- **Your assignment**
Transcribe the full listing exactly, and drop every picture.
[Provided data]
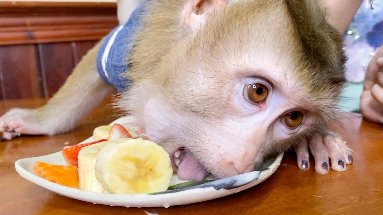 5. Baby Monkey | DouDou No Eat Banana But Eat Food Mom Cooked :
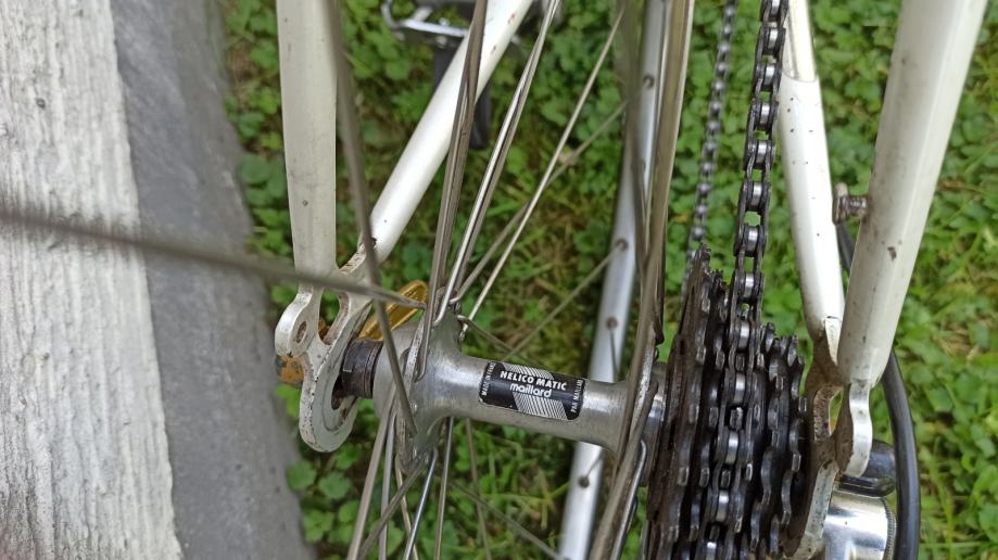 ROAD racesport/rennsport - Kotači RIGIDA rims 13-622 profil visina16mm širina 19,5mm - MAILLARD hubs low flange - Žbice inox/nirosta-CRANKSET SHIMANO touring Alu 170 - 42-52 - BB 68mm 1.37X 24 - Mjenjači Frikcija 2 x 6 - Zadnji Shimano 600 - prednji i ručice SIMPLEX - KRANZ 6 speed index novi silver 14-28 - Volan 40 cm i Lula 110 cm France - Kočnice komplet WEINMANN type 500 - Gume CST 23-622 - 28" - Pedale LYOTARD 82 Clipseri i remeni - Patent lula sedla 25 mm - Sedlo Vader - Za vozaće i vozačice 167- 177 cm do 80 kg. težine - TEŽINA bicikla oko 10,8 kg. - Original boja rama i vilice - original naljepnice -*** Maillard HELICOMATIC zadnja naba i kazeta na slikama skinuta i stavljena isto MAILLARD za kranz *** Miro mob.098 529 693 -velogrga.1949@gmail.com
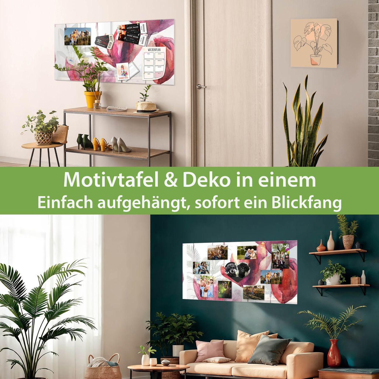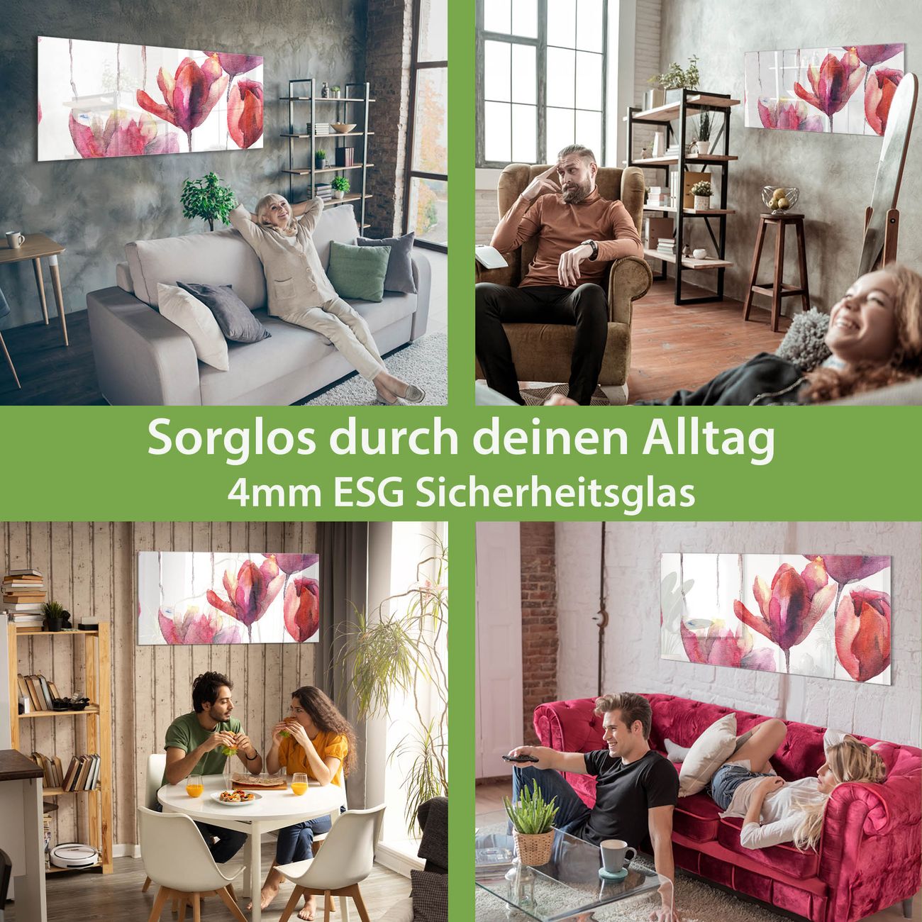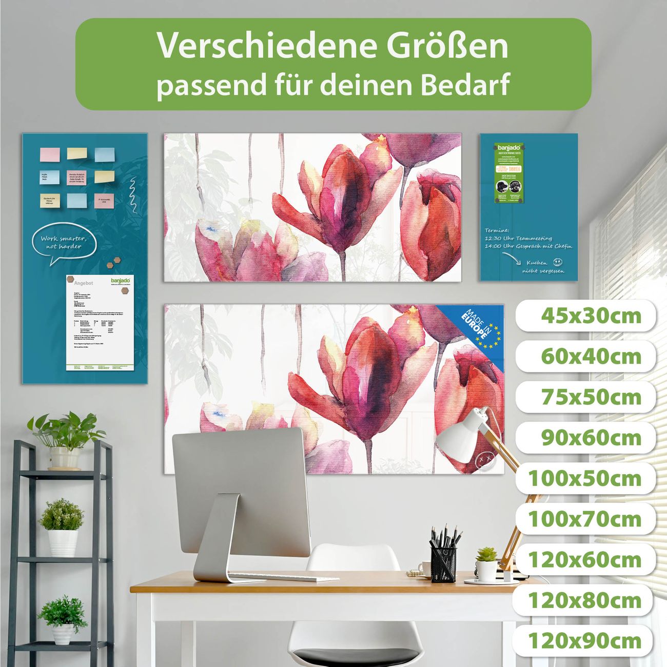 Material: 4mm Sicherheitsglas mit Metallrückwand Eigenschaften: beschreibbar, magnetisch, kratzfest Maße: 100x50x0,6cm, 7,50kg schwer Motiv Nummer 12937 Aquarell Tulpen Zubehör: inklusive 4 Neodym-Magnete
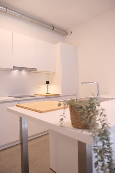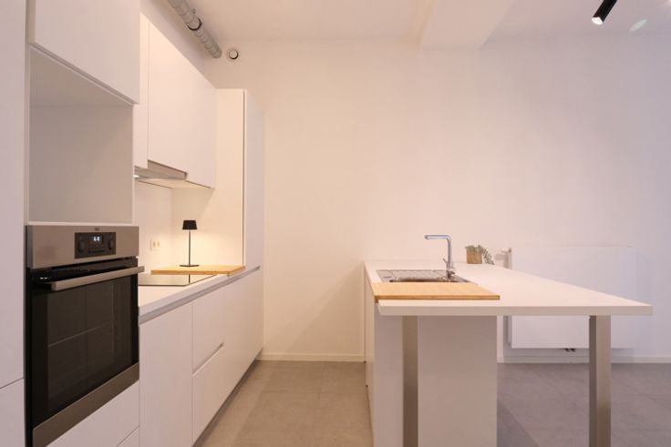 Deze woning omvat het volgende: een inkomhal, een toilet met wastafel, een superuitgeruste open keuken met een centraal eiland tegenover de ruime leefruimte met veel natuurlijk licht, een mooie slaapkamer met eigen douchekamer.
[/Provided data]
- **Output for this task**
 5. Baby Monkey | DouDou No Eat Banana But Eat Food Mom Cooked :
 ROAD racesport/rennsport - Kotači RIGIDA rims 13-622 profil visina16mm širina 19,5mm - MAILLARD hubs low flange - Žbice inox/nirosta-CRANKSET SHIMANO touring Alu 170 - 42-52 - BB 68mm 1.37X 24 - Mjenjači Frikcija 2 x 6 - Zadnji Shimano 600 - prednji i ručice SIMPLEX - KRANZ 6 speed index novi silver 14-28 - Volan 40 cm i Lula 110 cm France - Kočnice komplet WEINMANN type 500 - Gume CST 23-622 - 28" - Pedale LYOTARD 82 Clipseri i remeni - Patent lula sedla 25 mm - Sedlo Vader - Za vozaće i vozačice 167- 177 cm do 80 kg. težine - TEŽINA bicikla oko 10,8 kg. - Original boja rama i vilice - original naljepnice -*** Maillard HELICOMATIC zadnja naba i kazeta na slikama skinuta i stavljena isto MAILLARD za kranz *** Miro mob.098 529 693 -velogrga.1949@gmail.com
 Material: 4mm Sicherheitsglas mit Metallrückwand Eigenschaften: beschreibbar, magnetisch, kratzfest Maße: 100x50x0,6cm, 7,50kg schwer Motiv Nummer 12937 Aquarell Tulpen Zubehör: inklusive 4 Neodym-Magnete
 Deze woning omvat het volgende: een inkomhal, een toilet met wastafel, een superuitgeruste open keuken met een centraal eiland tegenover de ruime leefruimte met veel natuurlijk licht, een mooie slaapkamer met eigen douchekamer.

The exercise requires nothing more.